|J Pathol Inform 2018,
A comprehensive study of telecytology using robotic digital microscope and single Z-stack digital scan for fine-needle aspiration-rapid on-site evaluation
Keluo Yao1, Rulong Shen2, Anil Parwani2, Zaibo Li2
1 Department of Pathology, Michigan Medicine, University of Michigan, Ann Arbor, Michigan, USA
2 Department of Pathology, The Ohio State University, Columbus, Ohio, USA
|Date of Submission||10-Oct-2018|
|Date of Acceptance||14-Nov-2018|
|Date of Web Publication||24-Dec-2018|
Dr. Keluo Yao
Department of Pathology, Michigan Medicine, University of Michigan, North Campus Research Complex, 2800 Plymouth Road, Bldg. 60, Suite 1609, Ann Arbor, MI 48109-5062
Source of Support: None, Conflict of Interest: None
| Abstract|| |
Background: The current technology for remote assessment of fine-needle aspiration-rapid on-site evaluation (FNA-ROSE) is limited. Recent advances may provide solutions. This study compared the performance of VisionTek digital microscope (VDM) (Sakura, Japan) and Hamamatsu NanoZoomer C9600-12 single Z-stack digital scan (SZDS) to conventional light microscopy (CLM) for FNA-ROSE. Methods: We assembled sixty FNA cases from the thyroid (n = 16), lymph node (n = 16), pancreas (n = 9), head and neck (n = 9), salivary gland (n = 5), lung (n = 4), and rectum (n = 1) based on a single institution's routine workflow. One Diff-Quik-stained slide was selected for each case. Two board-certified cytopathologists independently evaluated the cases using VDM, SZDS, and CLM. A “washout” period of at least 14 days was placed between the reviews. The results were categorized into satisfactory versus unsatisfactory for adequacy assessment (AA) and unsatisfactory, benign, atypical, suspicious, and malignant for preliminary diagnosis (PD). Results: For AA, the Cohen's kappa statistics (CKS) scores of intermodality agreement (IMA) were 0.74–0.94 (CLM vs. VDM) and 0.86–1 (CLM vs. SZDS). The discordant rates of IMA were 3.3% (4/120) for VDM versus CLM, and 1.7% (2/120) for SZDS versus CLM. For PD, the CKS scores of IMA ranged 0.7–0.93. The overall discordant rates of IMA were 15% (18/120) for CLM versus VDM and 10.8% (13/120) for CLM versus SZDS. The discordant rates of IMA with 2 or higher degrees were 5.8% (7/120) for CLM versus VDM and 1.7% (2/120) for CLM versus SZDS. The average time spent per slide was 270 s for VDM, significantly longer than that for CLM (113 s) or for SZDS (122 s). Conclusions: Our data demonstrate that both VDM and SZDS are suitable to provide AA and reasonable PD evaluation. VDM, however, has a significantly longer turnaround time and worse diagnostic performance. The study demonstrates both the potentials and challenges of using VDM and SZDS for FNA-ROSE.

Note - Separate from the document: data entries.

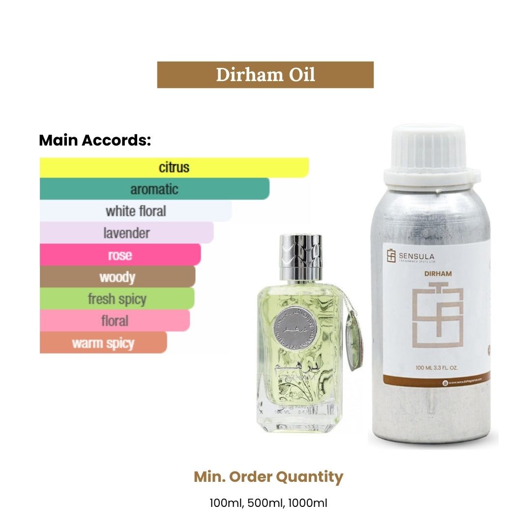 Dirham fragrance oil, classic middle eastern aroma for home diffusers and perfume oils.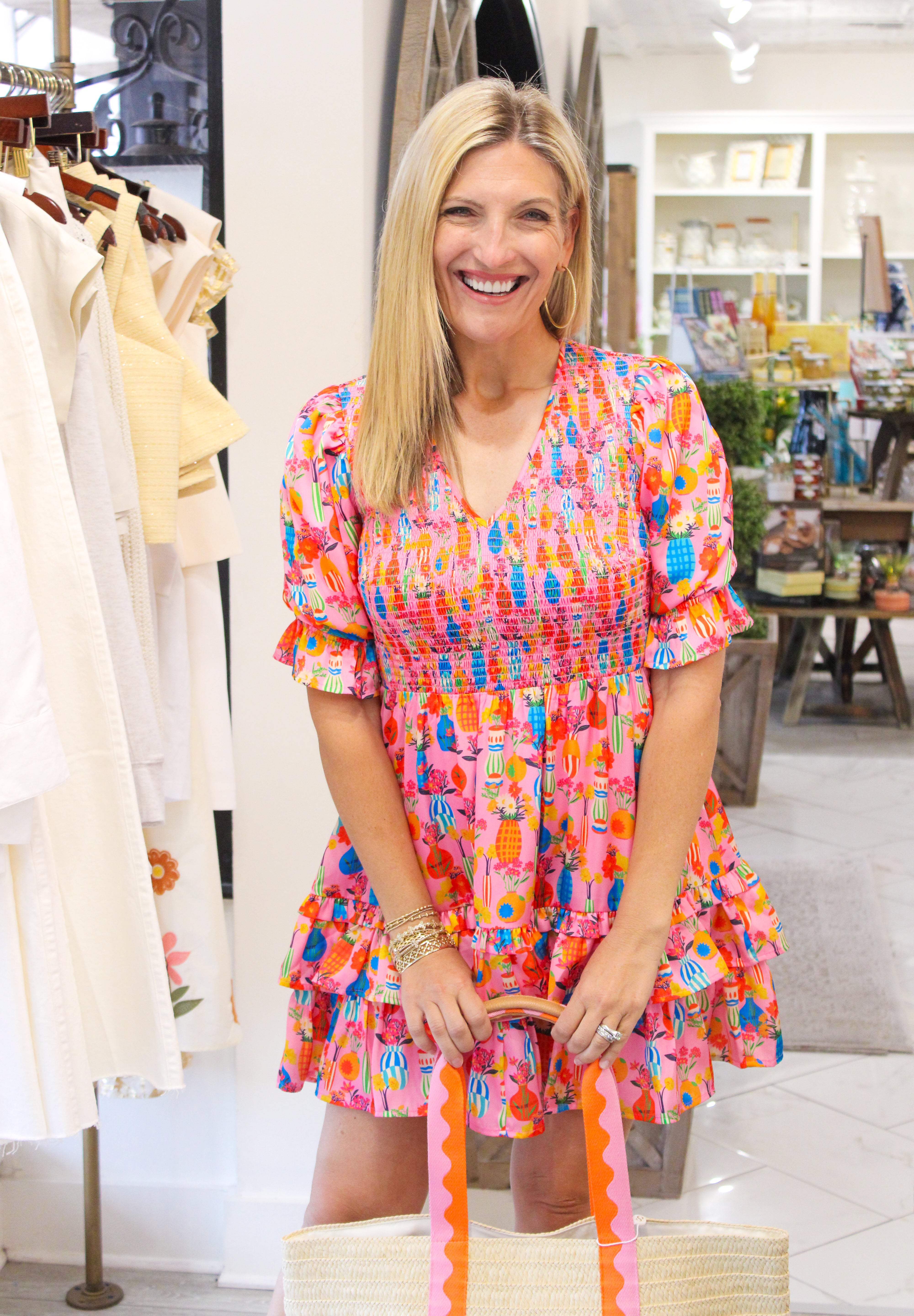 Get ready to turn heads in the Alex Dress, Pink Chantilly. This playful pull-on style features a smocked bust, puff sleeves, and a tiered skirt, all in a silky material. Adorned with colorful flower vases, this fully lined dress is perfect for any occasion with its v neckline.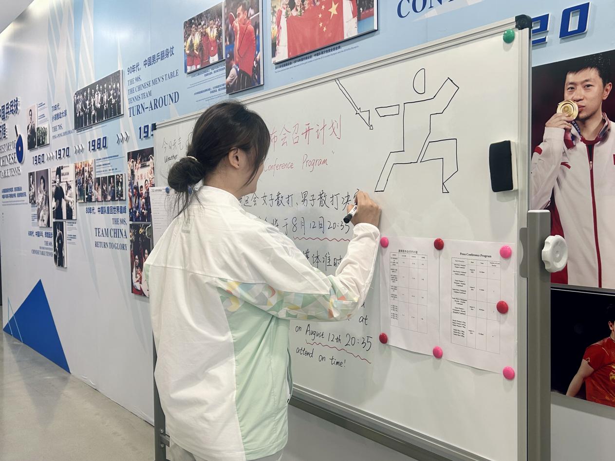 在场馆志愿者之家中,志愿者助理们凭借出色的组织协调能力,协调志愿者团队,保障各环节紧密衔接高效运转。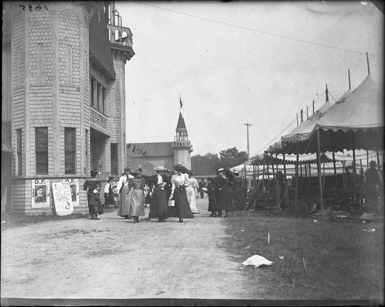 Favorite this☆ Women at State Fair Description: Women wearing hats and long skirts walk along road at State Fair; shingled building on one side of road, tents on the other side. Building with two steeples in background. Recorded in glass negative ledger: "M/State fair." Details Resource ID: EB02m658 Subject: Michigan State Fair Exhibition buildings--Michigan--Detroit Glass negatives Date Issued: Unknown year Format: 1 negative : glass ; 4 x 5 in. Member of: Burton Historical Collection Negative Number: BHC glass neg. no. 2080 Rights: Physical rights are retained by DPL. Copyright is retained in accordance with U.S. copyright laws.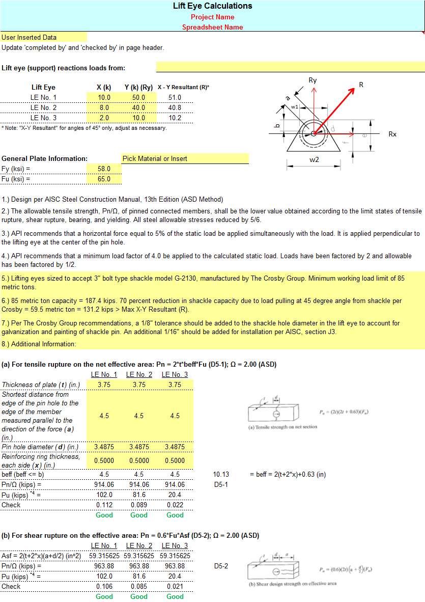 User inserts loading, lifting eye dimensions, and material properties. Spreadsheet is unprotected and safety factor assumptions can be adjusted.

Keywords: Adequacy assessment, Cohen's kappa statistics, conventional light microscopy, fine-needle aspiration-rapid on-site evaluation, intermodality agreement, NanoZoomer, preliminary diagnosis, single Z-stack digital scan, Telecytology, VisionTek digital microscope
|How to cite this article:|
Yao K, Shen R, Parwani A, Li Z. A comprehensive study of telecytology using robotic digital microscope and single Z-stack digital scan for fine-needle aspiration-rapid on-site evaluation. J Pathol Inform 2018;9:49
|How to cite this URL:|
Yao K, Shen R, Parwani A, Li Z. A comprehensive study of telecytology using robotic digital microscope and single Z-stack digital scan for fine-needle aspiration-rapid on-site evaluation. J Pathol Inform [serial online] 2018 [cited 2019 Mar 20];9:49. Available from: http://www.jpathinformatics.org/text.asp?2018/9/1/49/248454
| Introduction|| |
Given the increasing utilization of cytopathology as a way of obtaining a biopsy, fine-needle aspiration-rapid onsite evaluation (FNA-ROSE) has become a rate-limiting step in the whole process. A well-executed FNA-ROSE is an important quality control step and can significantly impact the diagnostic quality of the obtained biopsy material. Given the dispersed nature of FNA service, many institutions employ some form of telecytology to facilitate FNA-ROSE. One of the most frequently used platforms is a webcam-based solution such as the NetCam (Olympus, Japan). However, most solutions have poor image quality and do not allow the cytopathologist to control the examination process through “driving.” Robotic digital microscopes and whole-slide images overcome these limitations by offering direct region of interest manipulation through mechanical or electronic means. The image qualities are also higher through digital image process and more robust sensors. Here, we explore the performance of using a robotic digital microscope (VisionTek digital microscope [VDM] M6) and single Z-stack digital scan (SZDS) as a possible substitute for FNA-ROSE.
| Methods|| |
Based on the daily workflow of a single institution and College of American Pathologist guideline, we created a panel of sixty cases from the thyroid (n = 16), lymph node (n = 16), pancreas (n = 9), head and neck (n = 9), salivary gland (n = 5), lung (n = 4), and rectum (n = 1). For the purpose of the study, each case was consisted of a single representative slide prepared with Diff-Quik and the entire panel was composed of diverse set of sites, organs, and original diagnoses. Each case contained a brief clinical history, specimen source, and preparation method. The cases were randomized and distributed in batches of four. All cases had been blindly and independently assessed for preliminary diagnosis (PD) and turnaround time by two board-certified cytopathologists (arbitrarily designated as A and B). The adequacy assessments (AAs) were obtained by categorizing the results into satisfactory versus unsatisfactory. The preliminary diagnoses were categorized into unsatisfactory, benign, atypical, suspicious, and malignant. For example, a result of pleomorphic adenoma would be categorized as satisfactory for AA and benign for PD. Cases with lymphocytes and cannot exclude lymphoma without ancillary studies were categorized as satisfactory for adequacy assessment and atypical for diagnostic evaluation. All statistical data were processed by Microsoft Excel 2016 and analyzed using Python scikit-learn 0.19.2.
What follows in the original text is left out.